Bar graphs

Bar graphs, also called bar charts, compare values between categorical data over a period of time by using rectangular bars. Bar charts might be little easier to create than some other types of graphs that might take a long time to construct. The figure below shows a bar graph.

Vertical bar graph

The information displayed in the bar graph above is straightforward. It tells how many days of snow there were during the month of December, January, February, and March.

For example, in December there were two days of snow and in February there were fourteen days of snow.

If the bar does not extend to the next line on the scale, just approximate the value.

For the month of March, the bar does not extend all the way to four. However, a close look shows that the bar is between 4 and 2. Therefore, a good approximation is 3, or 3 days of snow in March.

Parts of a bar graph

A bar graph has the following 5 parts

  • Title
  • Categories
  • Scale
  • Labels
  • Rectangular bars

The title tells what the bar graph is about. For example, the title of the bar graph above is "Days of Snow"

The categories show the categorical data that you are trying to compare. For example, December, January, February, and March are the different categories you are trying to compare. Each category, such as January, is a categorical variable. Categories are usually displayed on the x-axis.

The scale shows the amounts for the categories and the interval that is used to compare the categories. The scale is usually displayed on the y-axis.

There are two different labels on a bar graph, one for the categories and another one for the scale. The one for the categories tells you what the categories are about and the one for the scale shows what is being counted. For example, the label used for the categories is "Month" and the label used for the scale is "Number of Days of Snow"

Finally, we use rectangular bars of equal width to show frequencies. The height of the rectangular bar represents the frequency of each category.

Types of bar graphs

Here are the 4 different types of bar graphs:

  • Vertical bar graph 
  • Horizontal bar graph
  • Grouped bar graph (also called multiple bar chart or clustered bar chart)
  • Stacked bar graph

The vertical bar graph is the most common type of bar graph. It is the one that you see in the figure above. 

Horizontal bar graphs

The bars do not have to be vertical. Information can be displayed as well with horizontal bar graphs as shown below. In a horizontal bar graph, the different categories are  displayed on the y-axis while the scale is displayed on the x-axis. 

Horizontal bar graph

Grouped bar graphs

When each category can have more than one value, you could use a grouped bar graph to display the data. The grouped bar graph below shows the math scores for 4 students in the 8th grade. Notice that a grouped bar graph includes a key at the bottom of the graph and different colors to represent the different values in each category.

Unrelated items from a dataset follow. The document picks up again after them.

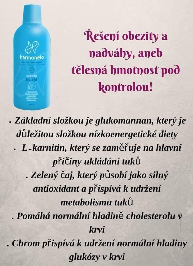Charakteristika: Harmonelo SLIM je sirup na báze prebiotickej rozpustnej vlákniny a komplexu biologicky aktívnych molekúl určených na redukciu telesnej hmotnosti. Základnou zložkou je glukomanán, ktorý je dôležitou zložkou nízkoenergetickej diéty. Dôležitou zložkou je L-karnitín, ktorý sa zameriava na hlavné príčiny ukladania tukov. Extrakt z opuncie sa vyznačuje schopnosťou viazať tuky a obmedzovať ich vstrebávanie. Harmonelo SLIM obsahuje extrakt zo zeleného čaju, ktorý pôsobí ako silný antioxidant a prispieva k udržaniu metabolizmu tukov. Mikrobiálne aktivovaná Gynostema päťlistá označovaná tiež ako ženský pilistový obsahuje vysokú koncentráciu biologicky dostupných ginsenoidov. Jeho účinok je posilnený extraktom z chmeľu s obsahom xantohumolu. Monakolin K z červenej fermentovanej rýže prispieva k udržaniu normálnej hladiny cholesterolu v krvi. Chróm prispieva k udržaniu normálnej hladiny glukózy v krvi.
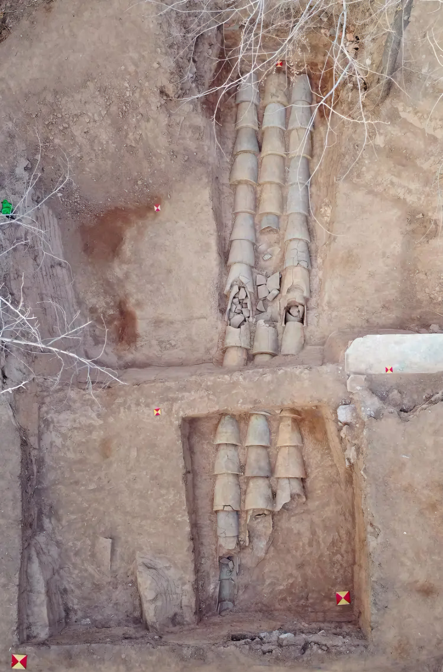 "요구窑沟" 지점에서 벽돌과 기와 가마 분포 지역이 발견되었고, 대량의 유물이 출토되어 대지의 건축 자재 시대를 판별하는 비교적 명확한 근거를 제공했다.
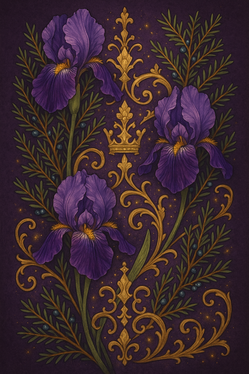 В-третьих, мне показалось подходящей деталью то, что листья ириса ассоциировались с мечами. Род принца Ноа не только славный, но и очевидно воинственный в прошлом - мечи ему подходят и хорошо смотрятся как постоянный мотив орнаментов в Ирисовой Горечи - я несколько раз упоминала об узорах из листьев, похожих на клинки. Усадьба - место недоброе, в прошлом - крепость, и мечи повсюду должны свидетельствовать об этом.
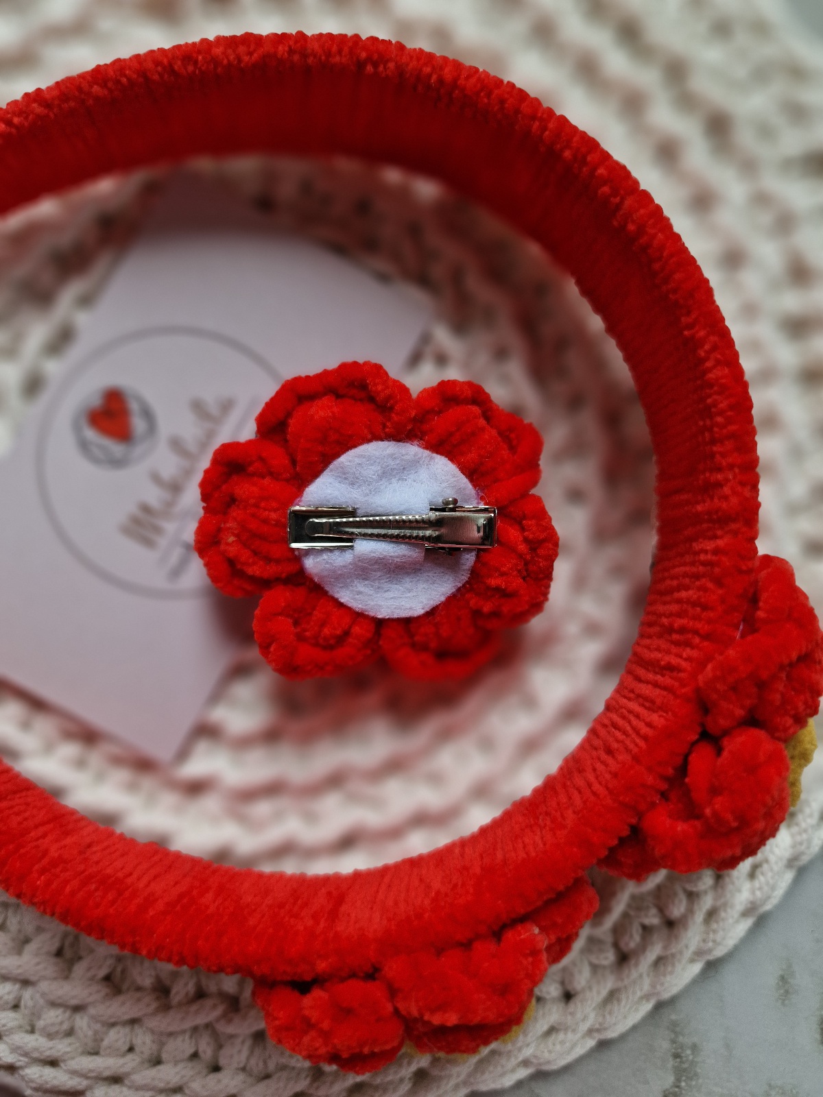 Suderintas aksesuarų rinkinys – ryškus, žaismingas ir išskirtinis! Rankų darbo lankelis su dviem nertomis gėlytėmis ir 1vnt. plaukų sege – visa tai, ko reikia mažajai damutei ypatingai dienai ar kasdieniam pasipuošimui!

For example, the red bar graph is the score on the final exam. Eric got a 60 on the final exam.

Grouped bar graph

Stacked bar graph

The stacked bar graph is similar to the grouped bar graph since each category can also have more than one value. However, with a stacked bar graph, just like the name implies, the values are stacked on top of each other.

In the graph below, the category called "Summer" has 3 values stacked on top of each and the amount of money the family spent during the summer on Restaurant/Ice cream is 1200 dollars.

Stacked bar graph

How to read information on bar graphs

Example:

Use the bar graph below to answer the following questions:

Bar graph
  • What is the scale of the bar graph?
  • What is the title of the graph?
  • How many student scored 80?
  • How many students got 60 on the test?
  • How many students took the test?
  • Why is there no bar above 100?
  • If the passing grade is 70, how many students passed?

Answers

a. The scale is on the left of the graph and the scale goes from 1 to 7 with an interval of 1.

b. The title is "score on a basic math test"

c. 6 students score 80

d. 4 students got 60

e. 1 student got 40, 2 students got 50, 4 students got 60, 3  students got 70, 6 students got 80, and 2 students got 90

1 + 2 + 4 + 3 + 6 + 2 = 18

So, 18 students took the test.

f. There is no bar above 100 because no one got 100 on the test.

g.

3  students got 70, 6 students got 80, and 2 students got 90

3 + 6 + 2 = 11. So 11 students passed the test.